Population (31 December 2024)
- • Total: 2,325,856
- • Density: 248.8/km^{2} (644.5/sq mi)

GDP
- • Total: €108.785 billion (2024)
- • Per capita: €46,789 (2024)
- Website: https://rp.baden-wuerttemberg.de/rpf/Seiten/default.aspx

= Freiburg (region) =

Administrative area in Baden-Württemberg, Germany

Freiburg is one of the four administrative divisions (Regierungsbezirke) of Baden-Württemberg, Germany, located in the south-west of the country. It covers the Black Forest (Schwarzwald) hills as well as the Rhine valley.

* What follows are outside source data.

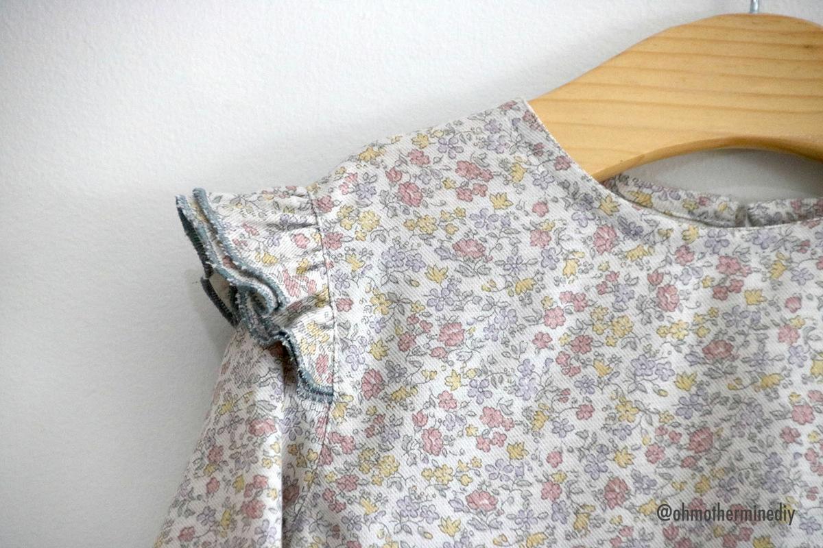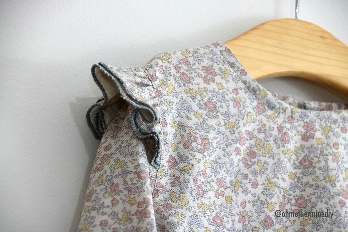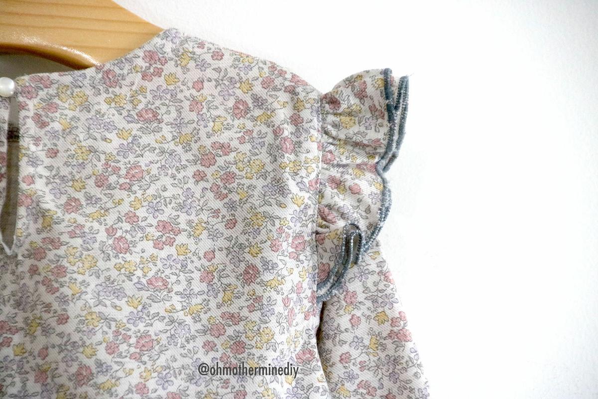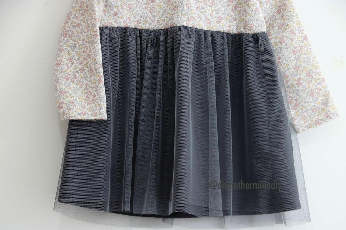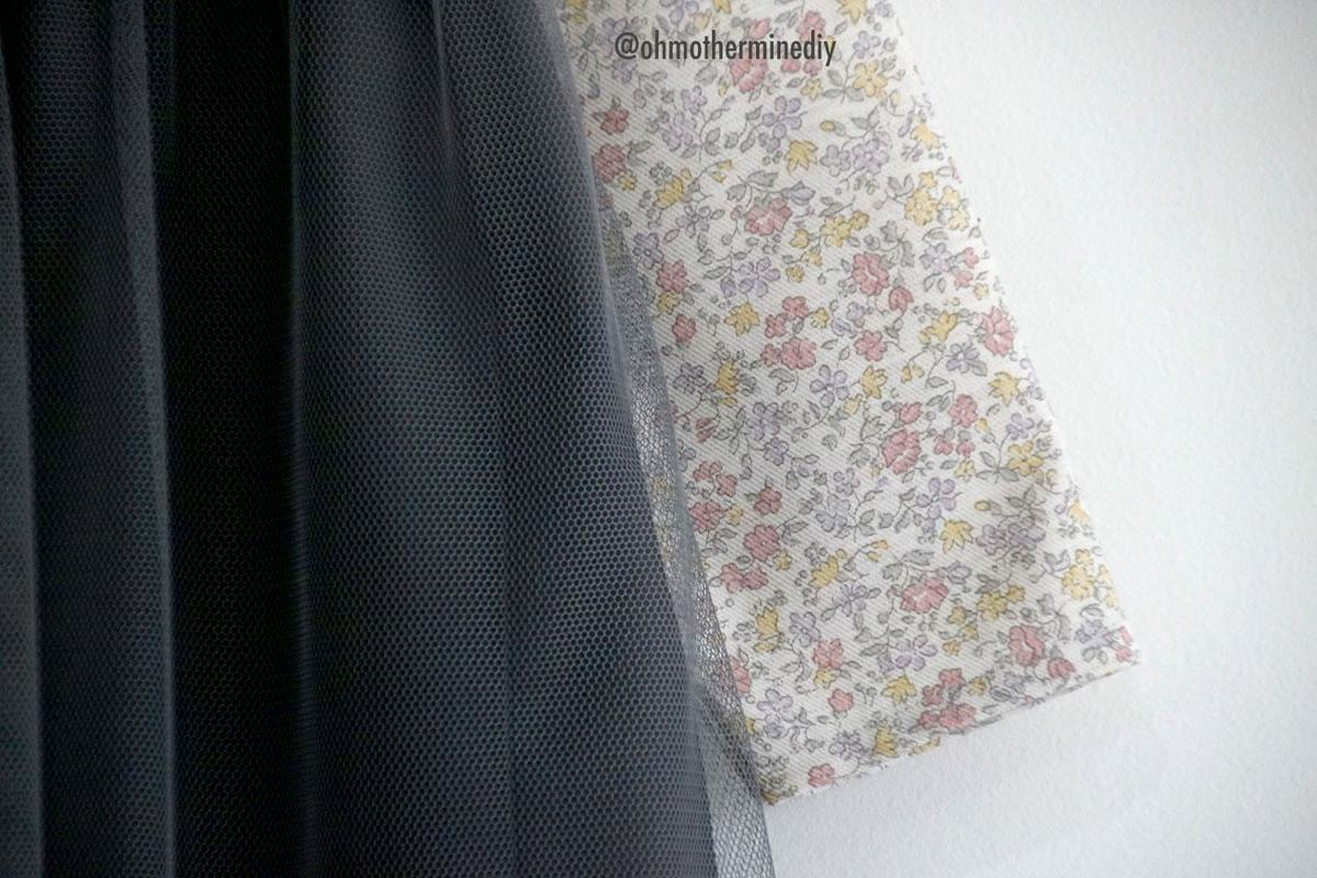La parte de arriba es una viyela estampada de florecillas, y la parte de abajo es una mezcla de viyela y tul en color gris plomo. A mi me encanta la mezcla de telas y también la combinación de colores!!!!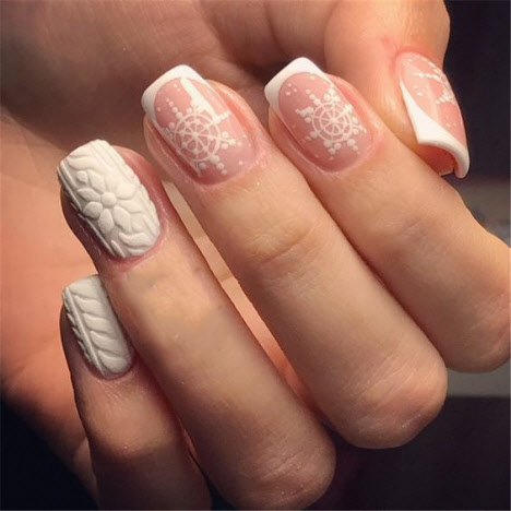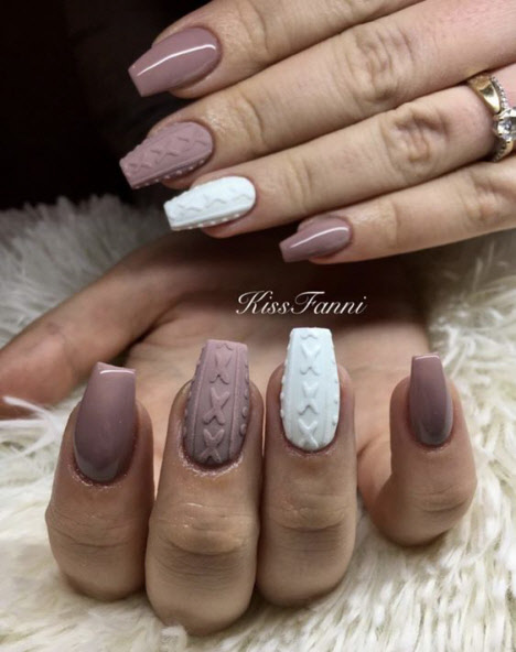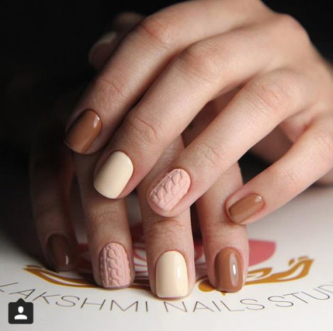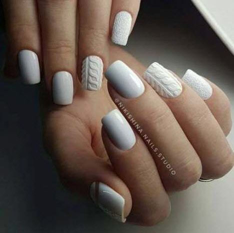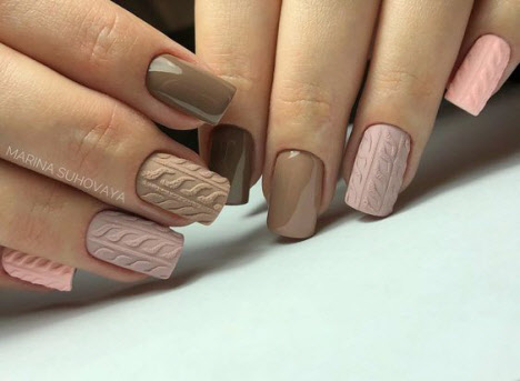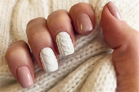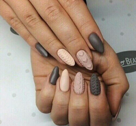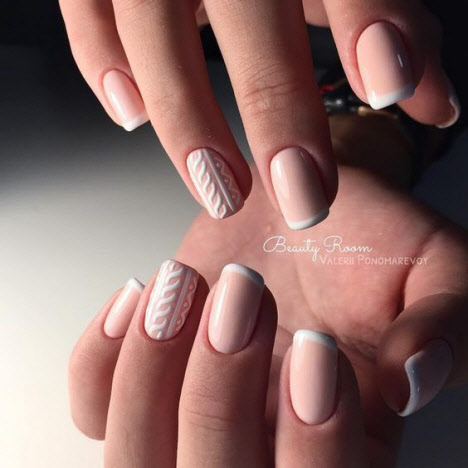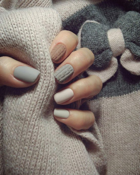 Gestrickte Maniküre in Nude-Tönen sieht sehr schön aus, und weißer Lack, Grau, Blau, Rosa, Beige reicht auch.
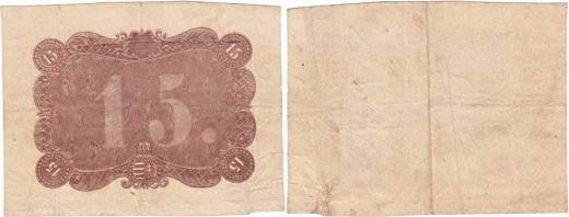 15 Krejcar 1849, jako Ri.411, jako Pick.S121, ale pouze hnědý podtisk aversu bankovky RR!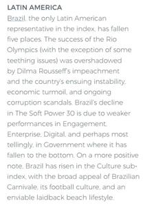 Na entrevista de Celso Amorim à BBC, o repórter cita a queda do Brasil nos rankings globais de “soft power”. Então eu fui procurar e vi que, de fato, o país despencou no ranking Soft30, feito pelo USC Center of Public Diplomacy.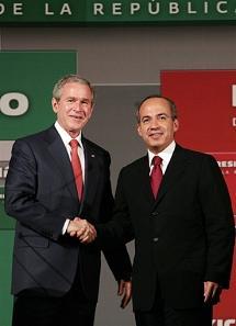 Après le Brésil, l'Uruguay, la Colombie et le Guatemala, Le président Américain s'est rendu pendant deux jours à Merida dans le Yucatan où l'attendait son homologue mexicain. Une première rencontre entre les deux hommes qui a eu pour thème principal le problème de l'émigration vers les Etats-Unis. Lors de son discours, Bush a promis de faire tout son possible pour l'adoption par le congrès d'une réforme complète sur l'immigration. Son projet repose sur un contrôle accru à la frontière pour empêcher les entrées d'individus menaçants pour la sécurité et l'économie du pays et permettre aux autres de s'intégrer plus rapidement par le biais de millions de régularisations. De son côté Calderón à fait part de ses réserves quant à l'efficacité d'un tel décret et à réaffirmé son désaccord par rapport à la construction du mur à la frontière. Pour lui, « il serait plus utile de construire 1 kilomètre de route dans les régions de Michoacan ou Zacatecas que de monter 10 kilomètres de murs à la frontière ». Son souhait est ainsi d'orienter l'aide américaine vers un plan de développement au Mexique, qui aurait pour effet de limiter le départ d'une main d'?uvre prête à tous les sacrifices.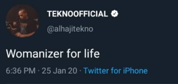 Popular Nigerian singer and producer, Augustine Mile Kelechi is popularly known as Tekno, took to social media to reveal that he is a ‘Womanizer for life’.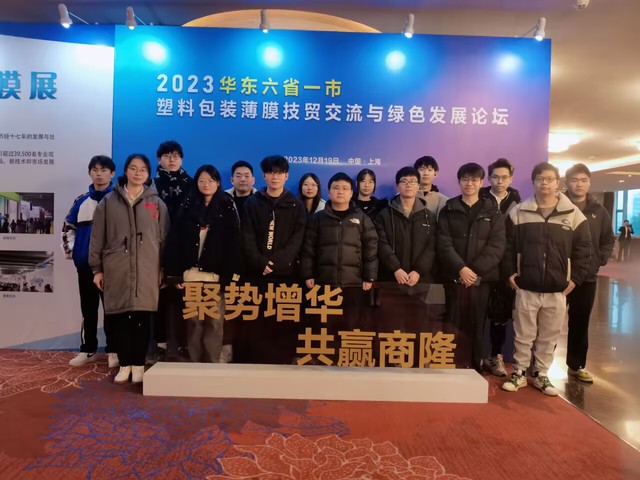 为进一步推进研究生思政工作内涵建设,促进材料专业特色和职业就业选择的有效衔接,根据不同年级研究生的差异化需求,引导低年级研究生聚焦材料专业前沿和行业发展,20231219日, 少妇白洁 组织17名研究生参加华东六省一市塑料行业协会联合主办的“2023华东塑料包装薄膜技贸交流与绿色发展论坛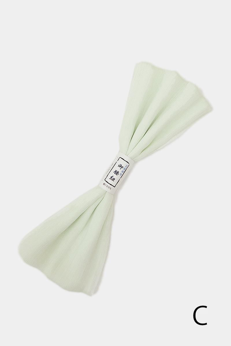 着物まわりの小物を幅広く手がける老舗として定評ある、京都・衿秀さんよりきんちの腰紐のご紹介です。こちらは絹素材の楊柳を使用したさらりと柔らかな肌触りが心地良いお品。巾広に織られているため食い込みにくく、着物をしっかり押さえてくれます。この機会に是非お試し下さいませ。

It is sub-divided into the three regions (Regionalverband) of Hochrhein-Bodensee, Schwarzwald-Baar-Heuberg and Südlicher Oberrhein. It is divided into nine districts and 294 municipalities.

| Kreise (districts) | Kreisfreie Städte' (district-free towns) |
| #Breisgau-Hochschwarzwald #Emmendingen #Constance (Konstanz) #Lörrach #Ortenaukreis #Rottweil #Schwarzwald-Baar #Tuttlingen #Waldshut | # Freiburg |

== Economy ==
The Gross domestic product (GDP) of the region was 86.9 billion € in 2018, accounting for 2.6% of German economic output. GDP per capita adjusted for purchasing power was €35,300 or 117% of the EU27 average in the same year. The GDP per employee was 97% of the EU average.

The district is served by EuroAirport Basel Mulhouse Freiburg close to the borders of both Germany, France and Switzerland, 70 km (43 mi) south of Freiburg. However, other nearby airports such as Karlsruhe/Baden-Baden Airport, Stuttgart Airport, Strasbourg Airport, and Zurich Airport are also used by air travellers from the district.